Celtic Connections kept its key ‘front of the year’ role. Lau and the
Unthanks produced a powerful and at times overwhelming concert at Glasgow’s
Royal Concert Hall that showed us where folk music can go when seized by
imagination, talent and technical ability; electronic wizardry fused well with
the pure sound of the human voice.
Songs of Separation musicians come together |
Another concert demonstrated both cross-fertilisation and how life
impacts on art. Inspired by the debates around the Scots independence referendum
of 2014, it was the culmination of two years work by ten female Scottish and
English musicians living together on Eigg. Organised by double bassist, Jenny
Hill, it included Eliza Carthy, and Karine Polwart amongst others. Ironically,
although entitled Songs of Separation,
the dominant theme was a coming together of national and regional traditions,
producing new material, particularly poignant when it dealt (as it often did)

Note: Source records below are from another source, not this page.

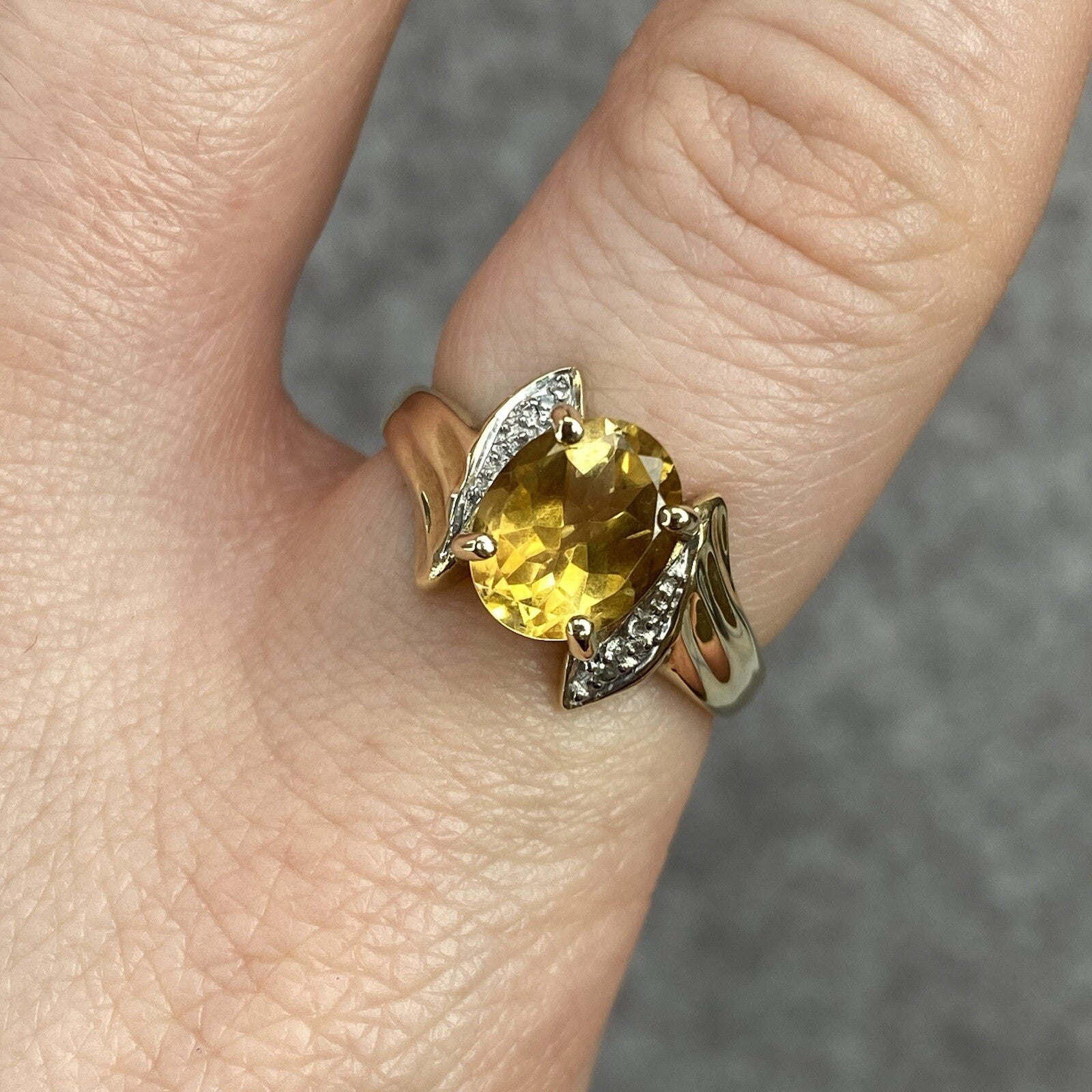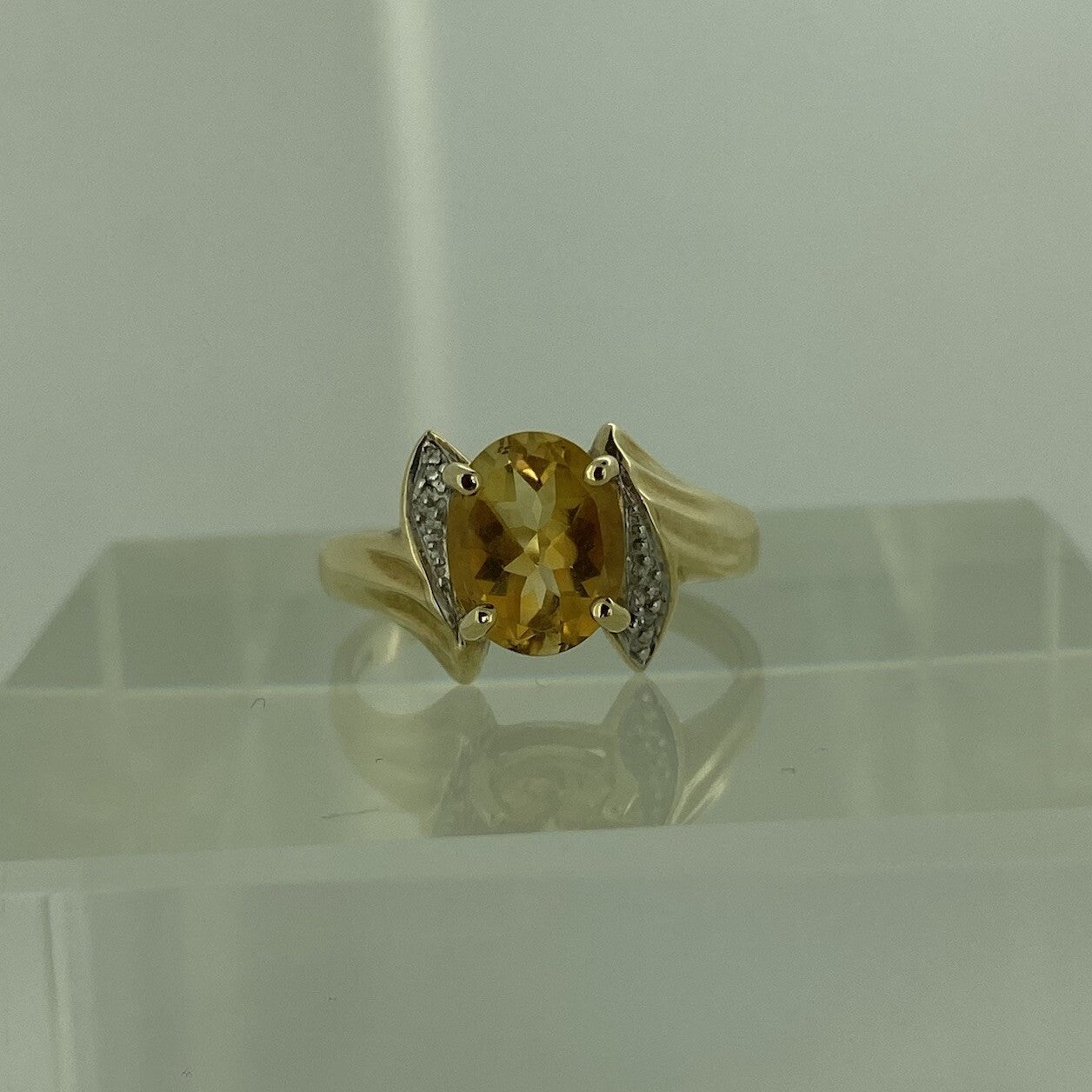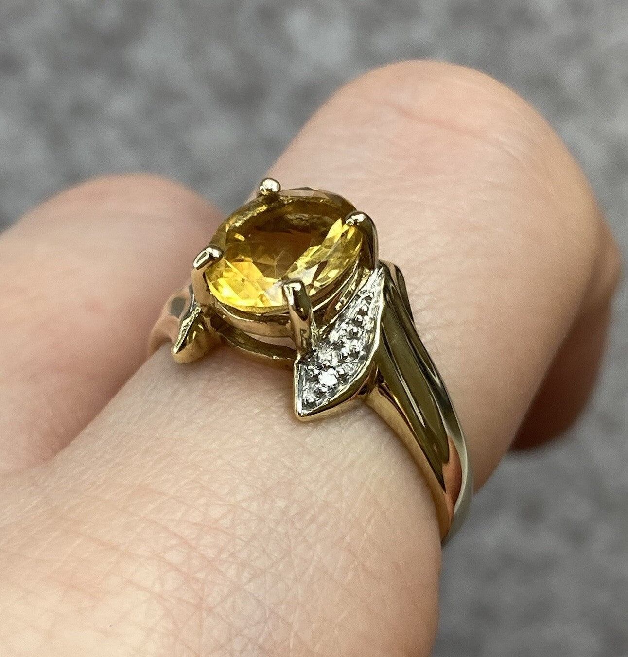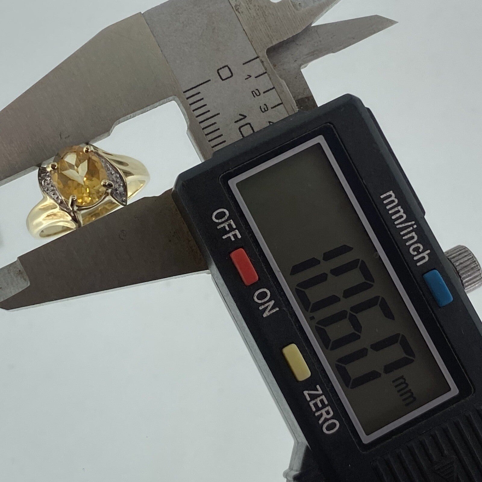Citrine Oval Diamond Accent Ring 9ct 375 Yellow Gold - Size N 1/2
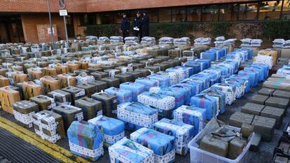 El grueso de la operación se desarrolló en las naves industriales donde se decomisaron 8.500 kilos de hachís. El estupefaciente fue expuesto ayer por la mañana en el aparcamiento de la Jefatura Superior de Policía de Madrid, adonde acudieron Ignacio Coisidó y la delegada del Gobierno en Madrid, Cristina Cifuentes. Los agentes tardaron varias horas en preparar las 11 toneladas para su exhibición.
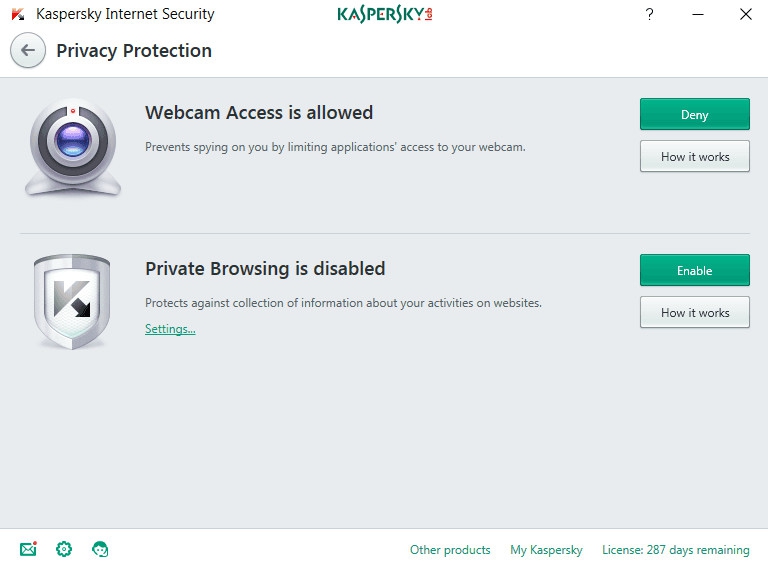 โปรแกรมแอนตี้ไวรัส Kaspersky Internet Security มีเครื่องมือใช้งานง่ายจำนวนมาก ที่ช่วยดูแลเรื่องความเป็นส่วนตัวของข้อมูลให้กับสมาชิกครอบครัว โดยเมื่อเราท่องเว็บไซต์ ก็มีเครื่องมือ Private Browsing ช่วยป้องกันไม่ให้เว็บตามติดกิจกรรมของเรา และปิดกั้นการเก็บข้อมูล ทำให้เว็บไซต์ไม่สามารถรบกวนเราด้วยการแสดงแบนเนอร์โฆษณาที่น่ารำคาญ
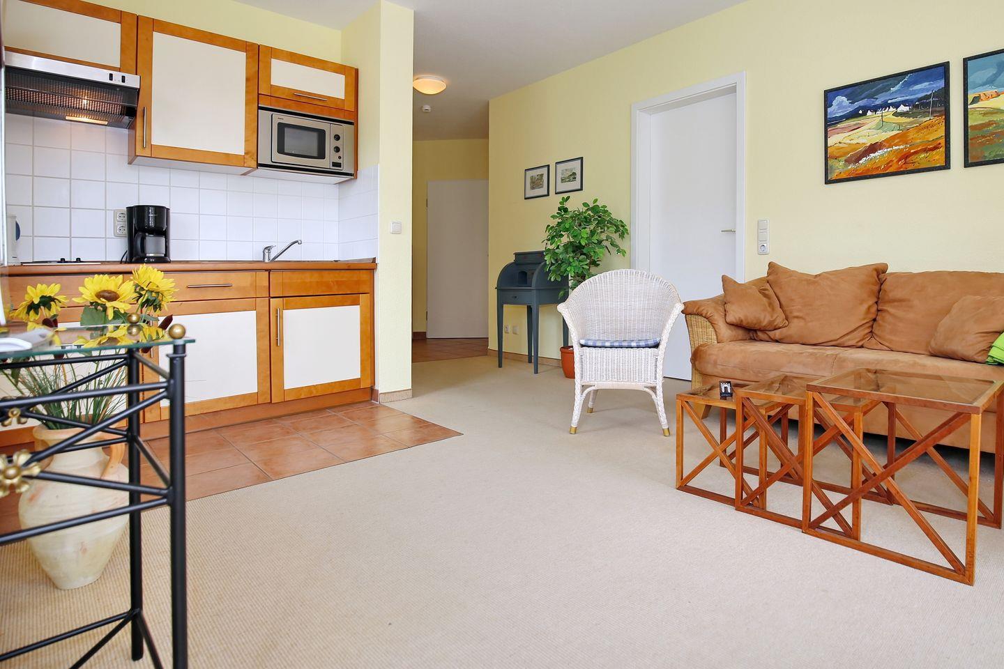 Im Wohnraum integriert ist außerdem die Küchenzeile. Bereite gemeinsam in der Ferienwohnung deine Mahlzeiten vor. Die Küche verfügt über ein 2-Platten-Cerankochfeld, eine Mikrowelle, einen Kühlschrank und selbstverständlich stehen hier auch eine Kaffeemaschine, ein Toaster und ein Wasserkocher bereit. Am Esstisch ist für 4 Personen Platz.
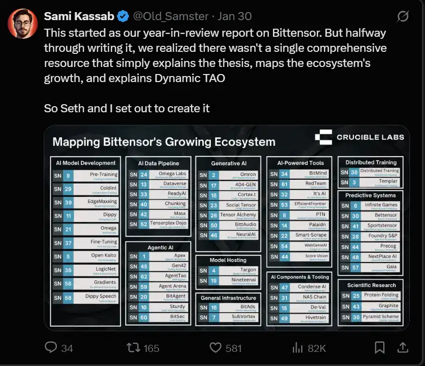 子网 1(根子网)专门用于文本提示,由 opentensor 基金会拥有;目前它持有大部分质押的 TAO,总市值为 20.9 亿美元。2023 年 10 月,网络扩展了更多子网,现在共有 69 个子网,这些子网由基金会之外的第三方拥有。这是 old samster 在 Crucible Labs 对这些子网的一个精彩划分:
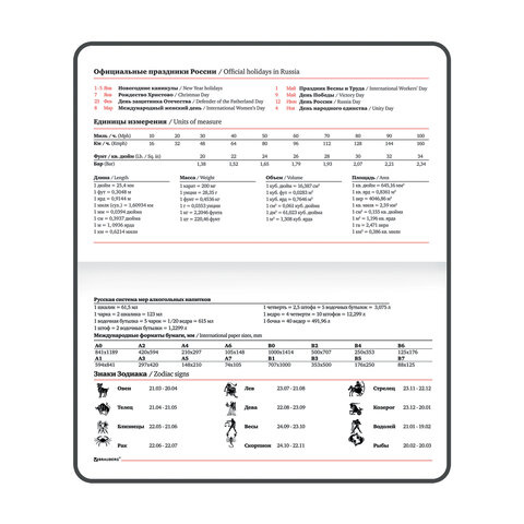 Внутренний блок включает 64 листа белой бумаги плотностью 70 г/м2. Благодаря малому формату А6 еженедельник удобно использовать как в офисе, так и на выездных деловых встречах. Твердая обложка, стилизованная под фактурную кожу коричневого цвета, подходит для горячего тиснения. Дополнением является закладка-ляссе, с помощью которой при необходимости можно быстро открыть еженедельник на нужной странице. Помимо прочего, еженедельник снабжен обширным справочным материалом.
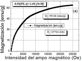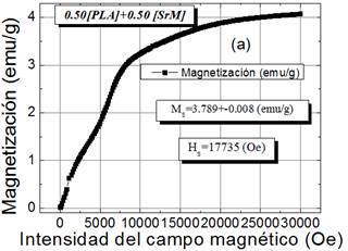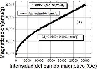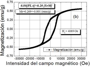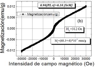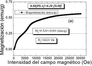 En la curva de magnetización inicial (figura 3a.) se observa que el compuesto para bajas intensidades de campo magnético (menores de 3.0 KOe) tienen una pendiente diferente que puede deberse a la pequeña fracción de SrM en la matriz (comportamiento ferrimagnético) y a partir de ahí tiene un comportamiento paramagnético relacionado con el PLA, lo cual se verifica en la figura 3b por su tendencia a hacer un lazo de histéresis apreciable. Ambos comportamientos confirman lo visto en el análisis estructural y micro estructural que mostró que ambas fases coexisten en el compuesto de forma independiente y funcional, desde el punto de vista de sus propiedades físico-químicas.
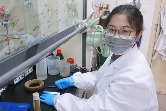 △药学系王蔚博士在实验室工作

with the human tragedy of the migrations across the Mediterranean (Glasgow,
Mitchell Theatre).
Martin Green's Flit |
Migration rang out too, in a magnificent highlight to the Edinburgh
International Festival (EICC). Again this featured Martin Green (of Lau) and
Becky Unthank, along with Dominic Aitchison, Adam Holmes, Aidan Moffat, Karine
Polwart and Adrian Utley. Flit
married all these talents with the wonders of whiterobot’s (Will Anderson and Ainslie Henderson) torn paper visuals and told
us stories of forced and chosen travelling – searching for a place where we
feel comfortable
Elsewhere in Edinburgh we saw a glimpse of the former strength of Scottish
drama – with a rehearsed reading of David Greig’s Europe at the Edinburgh International Book Festival – a prescient
glimpse back (forward?) into European crisis and its relationship with moving
peoples.
The 1916 Easter Rising gave us a number of shows, including Edinburgh
TUC’s dramatic and musical look at James Connolly at The Hub as part of the EIF;
labour leader, rebel general, family man, and songwriter (who knew?). The
centenary provoked one Scottish event after another, including a great new
historical walk around Glasgow, and a new play on the little-known Margaret Skinnider – schoolteacher,
feminist and sniper – whose story was the successful centrepiece of 2016’s Glasgow
MayDay Cabaret in Oran Mor.
Finally, the world of Cuban film cemented the second Havana Glasgow Film
Festival in November. The key themes of music, history, community and real life
featured in the celebration of Cuba’s Cine
Pobre festival. And the look at the key role of the Soviet Union in
sustaining the Cuban revolution – Los
Bolos en Cuba – took us neatly forward to next year’s important centenary.